Sen. Kyrsten Sinema, D-Ariz., suggested Congress should pass the State Municipal Assistance for Response and Transition Act, which would provide an additional $500 billion in direct funding to state, local and tribal governments.
“Additional support ensures continuity in vital local government services, empowers our local governments with the resources they need to fight the coronavirus, and strengthens our economy as they work to recover,” Sinema said.
Several members of the committee also warned that the Main Street lending facility, as designed, is too restrictive to serve midsize businesses. It is only available to businesses with fewer than 15,000 employees and those that are privately held. Companies with fewer than 500 employees have been encouraged to use the Small Business Administration's Paycheck Protection Program instead of the Fed's programs.

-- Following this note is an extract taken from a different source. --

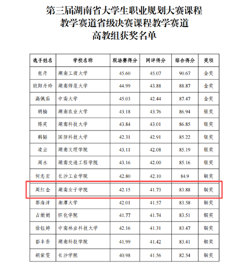 pg娱乐周红金教授团队在第三届湖南省大学生职业规划大赛课程教学赛道中斩获省级铜奖

"We've created this cliff effect" on who is eligible, said Sen. Mark Warner, D-Va., adding that he shares concerns of others about how long it is taking the Fed to launch the Main Street program.
Sen. Martha McSally, R-Ariz., said businesses in her state would benefit from making smaller loans than the program allows.
“With the underwriting requirement and the minimum loan amount of $500,000, that is a barrier to a number of businesses with maybe 500 or 600 employees,” McSally said.
Holtz-Eakin suggested that the minimum loan size be reduced to half the current amount.